Stored dataset items
#####

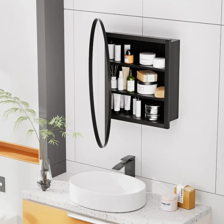 Round Bathroom Cabinet Mirror Wall Mounted Assembled Storage Adjustable Shelf Modern Mobile Bagno Single Door Home Furniture
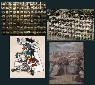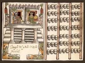 Su altar llamado "tzompantli", estaba adornado con cráneos ensartados por medio de hoyos que se les hacían a los lados, y los cuales eran de quienes habían sido sacrificados en honor a los dioses; así también la imagen del rostro del señor del inframundo y los muertos, Mictlantecuhtli, eran comunes en la vida de estas antiguas culturas.
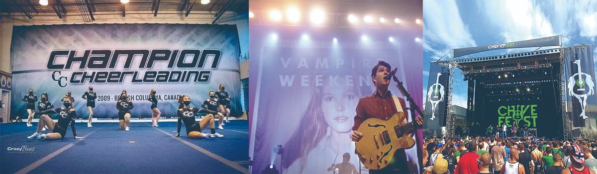 축제 무대 콘서트 배경 메쉬 스크립트 플렉스 배너 음악 스탠드 배너
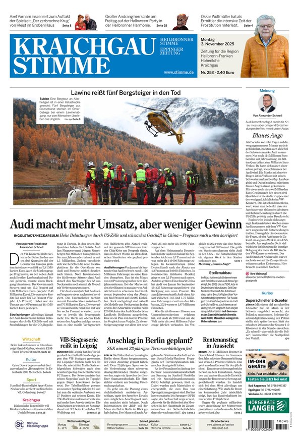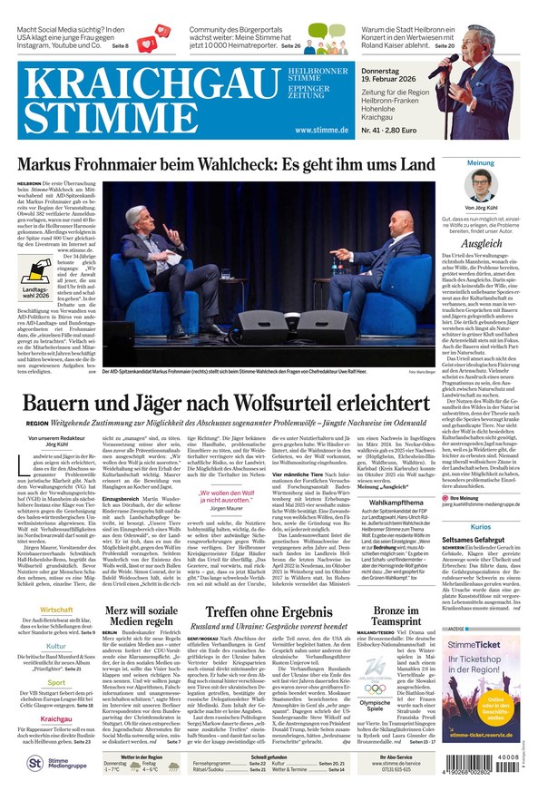 Das E-Paper ist die digitale Ausgabe Ihrer Kraichgau Stimme und versorgt Sie von Montag bis Samstag zuverlässig mit Nachrichten, Neuigkeiten, Hintergrundgeschichten und Reportagen der Regionen Heilbronn, Hohenlohe und Kraichgau sowie der Welt. Neben den Ressorts Wirtschaft, Kultur, Sport und Region erhalten Sie außerdem fundiert recherchierte Service-Themen und übersichtliche Terminankündigungen.
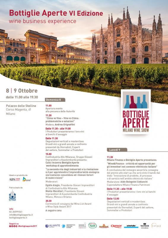 Il pomeriggio di domenica 8 ottobre (alle 15) Confindustria Alto Milanese - Gruppo Giovani Imprenditori e Assolombardo presenteranno “Calici incontra Bottiglie Aperte”, due momenti di incontro che porranno l’attenzione sull’imprenditorialità enologica storicamente consolidata e su quella giovanile foriera di nuove visioni. Nei due workshop – “La seconda vita degli imprenditori” e “Imprese 2.0” – saranno coinvolti giovani imprenditori impegnati nel settore vino, sia produttivo sia dei servizi.
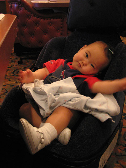 But I had to make sure we hooked up sometime while she was in town because I just had to meet her cute little daughter whom she brought with her... previously I'd only seen the pictures of Cheyenne I put up on Jeanette's site for her. So we ended up meeting for lunch at a Korean restaurant while she was on her way out of town to her next stop. When they rolled up, Cheyenne was fast asleep. I don't know, I just can't think of any more peaceful sight than a sleeping baby. Then again, maybe it only seems peaceful in contrast to the hell I know the little tykes are capable of raising, haha. All I know is that I got the same feeling I got when my old friend Zac's daughter was born -- "I gotta get me one of these!".
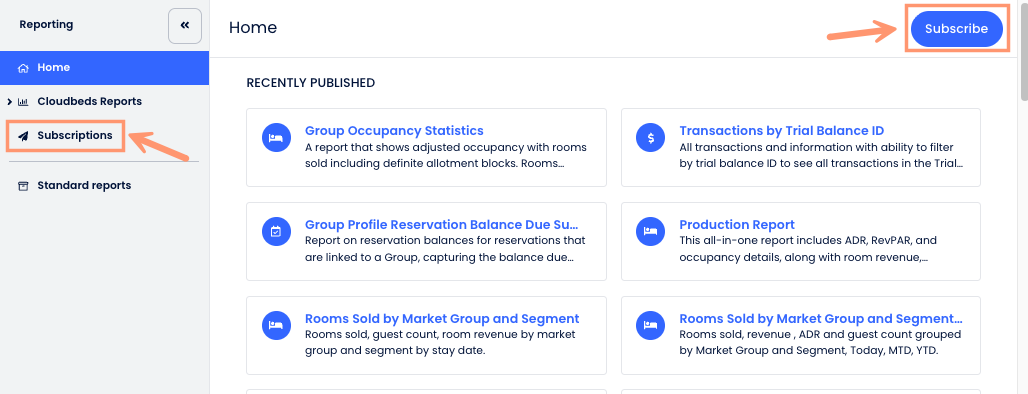 En Cloudbeds, queremos asegurarnos de que tengas los datos que necesitas exactamente cuando los necesitas. Las suscripciones te permiten recibir automáticamente en tu bandeja de entrada de correo electrónico los informes predeterminados de Insights según una programación que se adapte a ti.

#####

TASK INSTRUCTIONS.
Leave out every picture, and repeat word for word only the lines from the one holding "Il pomeriggio di" through the end of the entries above, both ends included.

EXERCISE ANSWER.
 Il pomeriggio di domenica 8 ottobre (alle 15) Confindustria Alto Milanese - Gruppo Giovani Imprenditori e Assolombardo presenteranno “Calici incontra Bottiglie Aperte”, due momenti di incontro che porranno l’attenzione sull’imprenditorialità enologica storicamente consolidata e su quella giovanile foriera di nuove visioni. Nei due workshop – “La seconda vita degli imprenditori” e “Imprese 2.0” – saranno coinvolti giovani imprenditori impegnati nel settore vino, sia produttivo sia dei servizi.
 But I had to make sure we hooked up sometime while she was in town because I just had to meet her cute little daughter whom she brought with her... previously I'd only seen the pictures of Cheyenne I put up on Jeanette's site for her. So we ended up meeting for lunch at a Korean restaurant while she was on her way out of town to her next stop. When they rolled up, Cheyenne was fast asleep. I don't know, I just can't think of any more peaceful sight than a sleeping baby. Then again, maybe it only seems peaceful in contrast to the hell I know the little tykes are capable of raising, haha. All I know is that I got the same feeling I got when my old friend Zac's daughter was born -- "I gotta get me one of these!".
 En Cloudbeds, queremos asegurarnos de que tengas los datos que necesitas exactamente cuando los necesitas. Las suscripciones te permiten recibir automáticamente en tu bandeja de entrada de correo electrónico los informes predeterminados de Insights según una programación que se adapte a ti.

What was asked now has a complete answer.